5/ Quelle est la position récente du Conseil d'État vis-à-vis des rapports jugés tendancieux par la CNOM ?

 

La réponse est donnée dans deux arrêts récents du Conseil d'État rendus le 18 juillet 2018 ; La Haute Cour abonde totalement dans le sens des décisions de la Chambre Nationale.


- Le 1° arrêt confirme la décision de la Chambre disciplinaire Nationale de l'Ordre se rapportant à une plainte d'un praticien du Languedoc Roussillon, qui avait sanctionné le rédacteur d'une note tendancieuse.

 

En l'occurrence, un patient s'estimant victime d'une erreur médicale consécutive à une intervention de la cataracte, avait sollicité à titre amical un médecin généraliste pour qu'il rédige une note permettant d'étayer la mise en cause de l'ophtalmologiste devant la CCI.


Dans sa note technique, le médecin n'hésitait pas à affirmer -entre autres- que le chirurgien n'avait pas reçu lui-même le patient, n'avait pas diagnostiqué un décollement de la rétine, ce qui constituaient des « erreurs médicales ».


Un rapport d'expertise avait totalement démenti cette pseudo-analyse.

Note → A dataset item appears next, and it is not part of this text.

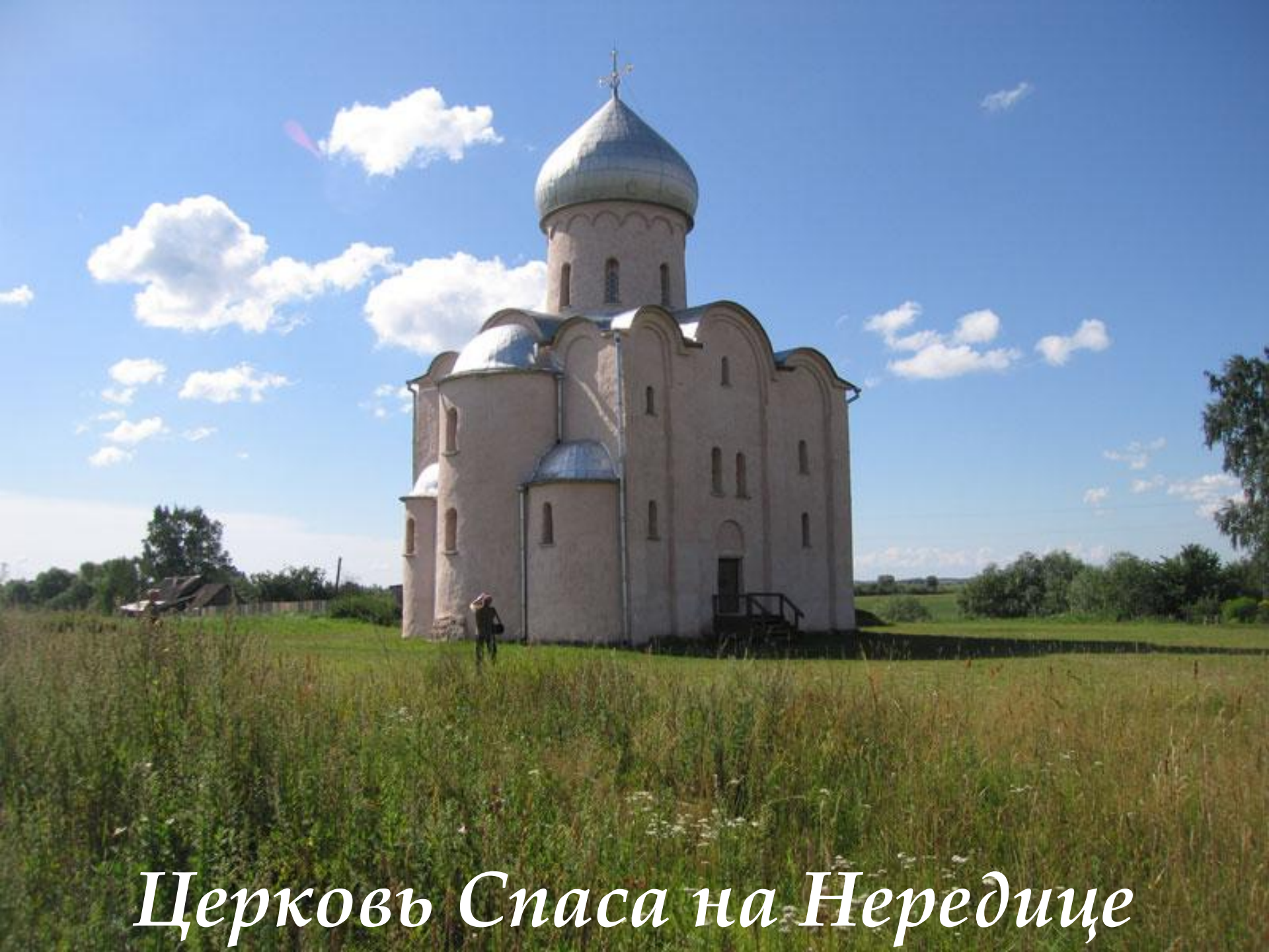
Церковь Спаса на Нередице

Le Conseil d'État relève que le médecin rédacteur "a procédé à des affirmations inexactes, fait état de vérités tronquées, donné pour établis des faits qui ne l'étaient pas, ou à l'inverse, présenté comme hypothétiques des faits dont la réalité était incontestable".

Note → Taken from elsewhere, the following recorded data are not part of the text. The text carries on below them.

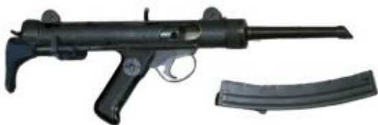
Type: FAMAE PAF 9 mm

vue de droite, Copie chilienne de la mitraillette Sterling avec des différences à l'extérieur, telle que la crosse escamotable en métal et l'absence du manchon du canon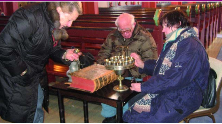
Wir betrachten in der Kirche von Sortland eine Bibel aus dem 18. Jahrhundert.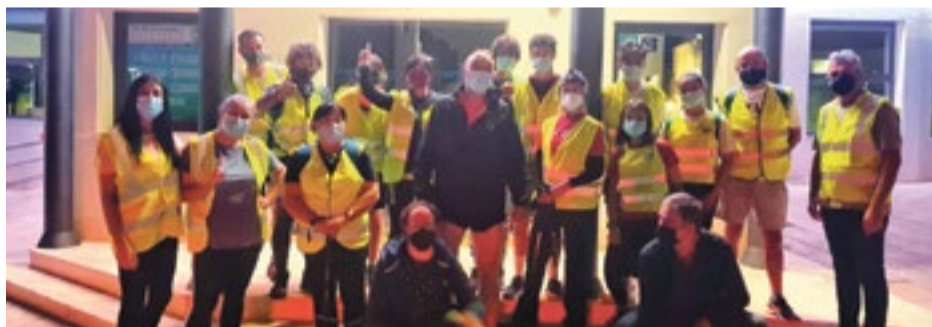
Participantes e integrantes de la corporación municipal.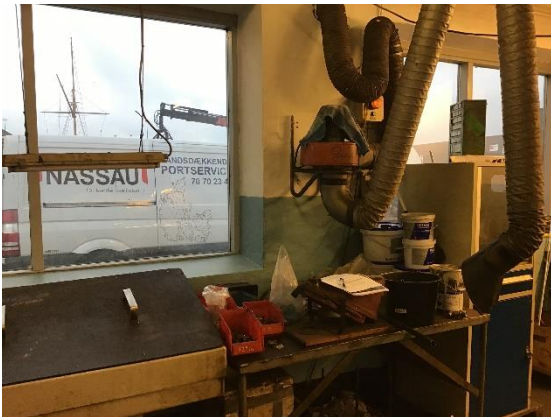
Rensekar med tilhørende udsugning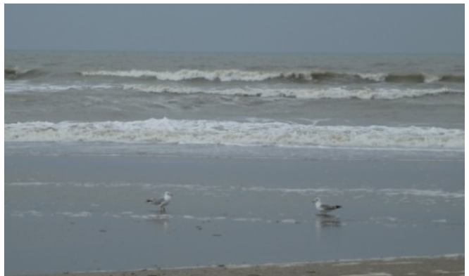
koud hè, vind je ook niet?

De 4 overige "DIE HARDS" heb ik afgebeld. De rit werd verplaatst naar het volgende weekend zondag 11 april en ik reken dan op prima weer, een maximale opkomst van 30 man en met hopelijk een goede scribent die een mooi positief verslag van deze Alternatieve Paasrit Versie 2 wil maken.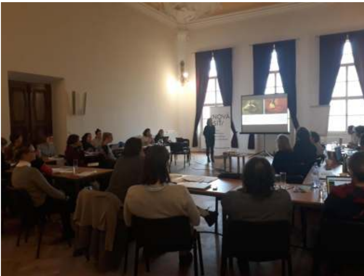
Setkání partnerů Nová síť, 1.–3. 6. 2022, Želiv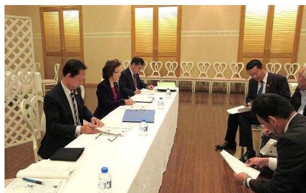
青少年交換委員会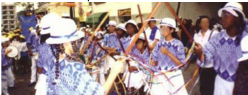
Figura 33 – Terno Mirim da Escola Municipal Comendador Lindolfo de Souza Dias.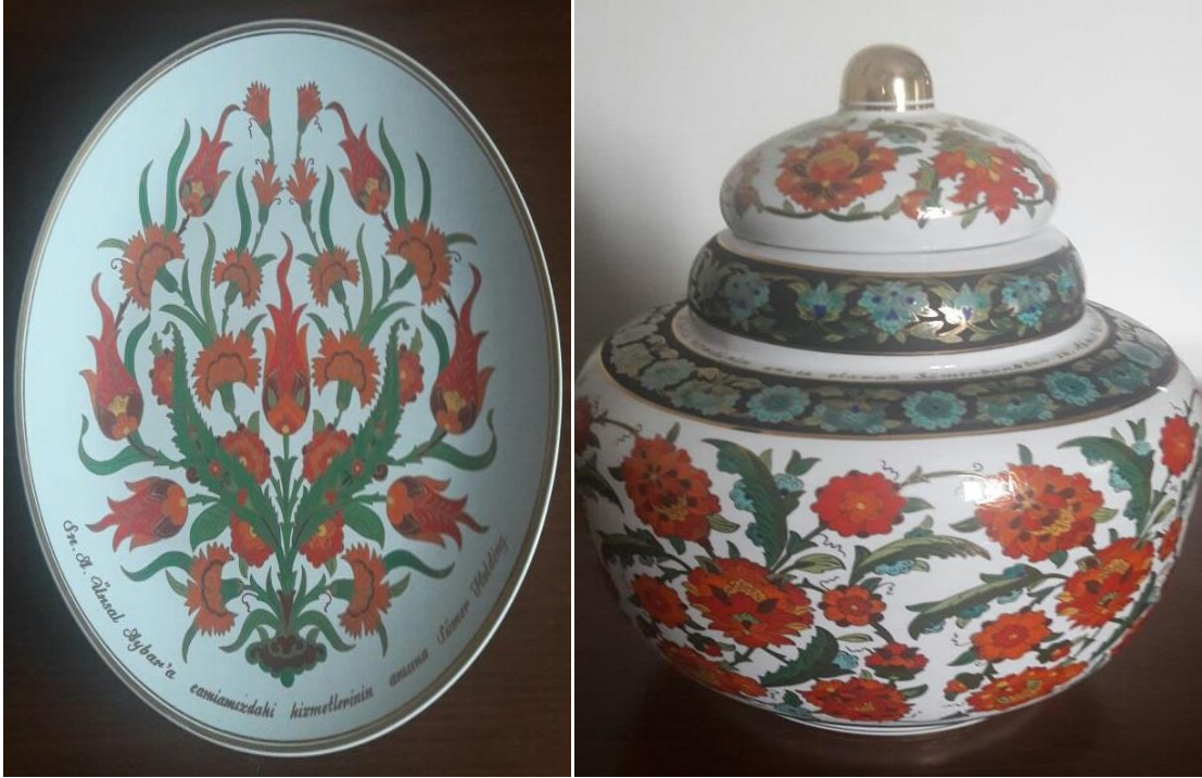
Sümerbank'ın Fabrikadan emekli memurlara verdiği çini hediye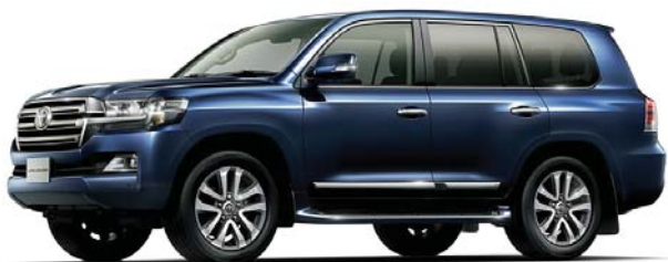
ダークブルーマイカ(8P8)

■ボディカラーの写真はすべてZX、T-Connect SDナビゲーションシステム&トヨタプレミアムサウンドシステム、マルチテレンモニター、リモートセキュリティシステムはセットでメーカーオプション。 ※マルチテレンモニターを装着しているため、補助確認装置(2面鏡式)が非装着となっています。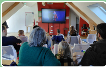
Film de Noël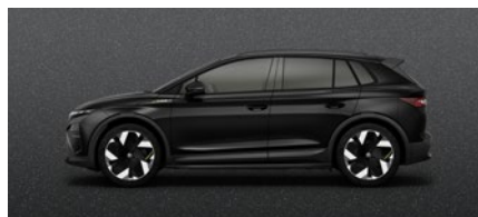
Effet perlé Noir Magic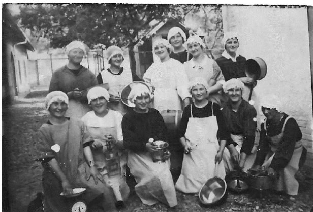
Haushaltungsschule Wiesholz, stehend 1. v. links

Nach meiner Schulzeit habe ich ein Jahr lang in der Papierfabrik Schmid (heute Mitschjeta) gearbeitet. Anschliessend durfte ich einen Halbjahreskurs in der Haushaltungsschule in Wiesholz besuchen.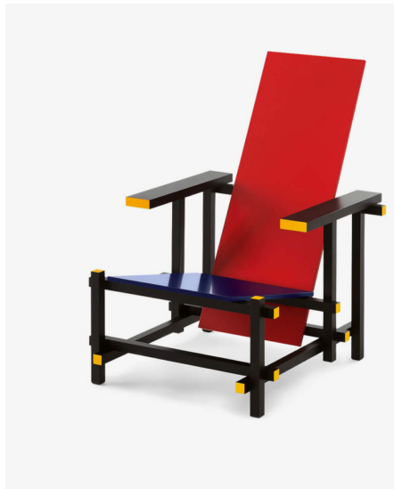
Gerrit Rietveld: Rood-blauwe stoel 1923 Geveerd hout 66 x 87 x 83 cm Collectie Stedelijk Museum Amsterdam

Is 'De Schreeuw' van Munch juist mooi en indrukwekkend door de kwaliteit van de schilderkunst? Of wekt de angst van de rare figuur op de voorgrond juist afkeer?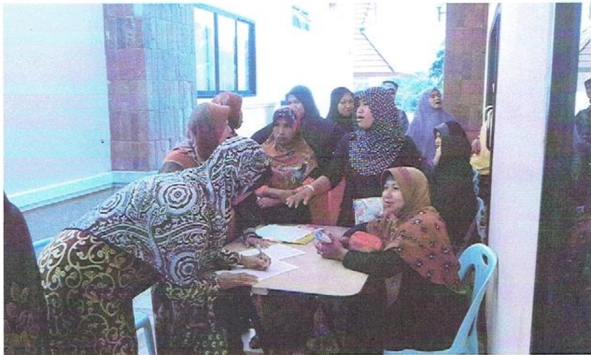
ประชาชนลงทะเบียนก่อนเข้างาน

Selon la Haute Cour, la peine de trois mois ferme d'interdiction d'exercice, n'est pas hors de proportion eu égard à la gravité de la faute commise.

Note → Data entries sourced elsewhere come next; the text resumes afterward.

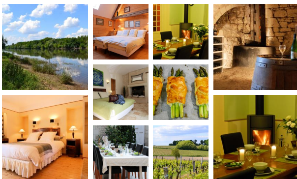
Table d'hôtes : 35€

Occupation des chambres pour une seule personne : -10€/nuit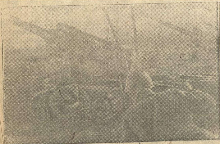
На снимке: Батарея советских дальнебойных орудий на огневой позиции.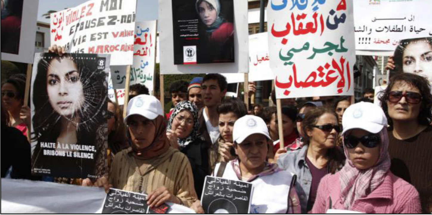
جانب من تظاهرة أمام البرلمان المغربي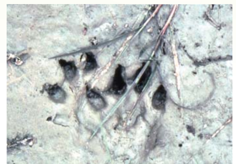
Empreintes de Loutre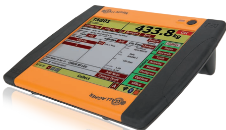
TSi2 Gestor de Ganado G01916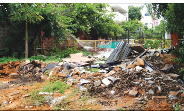
ಈ ಜಾಗವನ್ನು ಕೆಲವು ಅನಾಮಧೇಯ ವ್ಯಕ್ತಿಗಳು ಕಾನೂನುಬಾಹಿರವಾಗಿ ಒತ್ತುವರಿ ಮಾಡಿಕೊಂಡಿರುವುದಾಗಿ ಸಾರ್ವಜನಿಕರಿಂದ ವ್ಯಾಪಕ ದೂರುಗಳು ಕೇಳಿಬಂದಿದ್ದವು.

ಕೆ.ಎಸ್.ಆರ್.ಟಿ.ಸಿ. ಬಡಾವಣೆಯ ಈ ಪ್ರದೇಶವನ್ನು ಸಾರ್ವಜನಿಕ ಉದ್ಯಾನವನಕ್ಕಾಗಿ (ಪಾರ್ಕ್) ಮೀಸಲಿಡಲಾಗಿತ್ತು. ಆದರೆ, ಈ ಜಾಗವನ್ನು ಕೆಲವು ಅನಾಮಧೇಯ ವ್ಯಕ್ತಿಗಳು ಕಾನೂನುಬಾಹಿರವಾಗಿ ಒತ್ತುವರಿ ಮಾಡಿಕೊಂಡಿರುವುದಾಗಿ ಸಾರ್ವಜನಿಕರಿಂದ ವ್ಯಾಪಕ ದೂರುಗಳು ಕೇಳಿಬಂದಿದ್ದವು.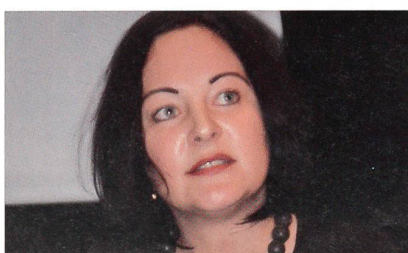
... und Burn-out können wir ankämpfen ...

- Le 2° arrêt va dans le même sens à propos d'une plainte d'un praticien de la Haute Garonne contre un médecin de recours qui avait conclu contre son confrère à une méconnaissance des règles de l'Art concernant la prise en charge d'une patiente à domicile.
Le Conseil d'État rappelle à cette occasion que les médecins doivent entretenir entre eux des rapports de bonne confraternité. Le médecin rédacteur de la note a écopé de six mois d'interdiction d'exercice dont 3 mois avec sursis et là encore le Conseil d'État a considéré que cette peine était justifiée, en rejetant le pourvoi.

 

Au vu de ce qui précède, force est de constater que la Chambre Nationale n'hésite pas à sanctionner ceux qui jouent « au chevalier blanc », au détriment de leurs confrères et au-delà de toute vérité scientifique et médicale.

 

 

M° Véronique ESTÈVE
Avocat
Spécialiste en droit de la Santé

 


PS : Sur un plan civil l'article 1240 du Code Civil est applicable : « tout fait quelconque de l'homme qui cause à autrui un dommage oblige celui par la faute duquel il est arrivé à le réparer ».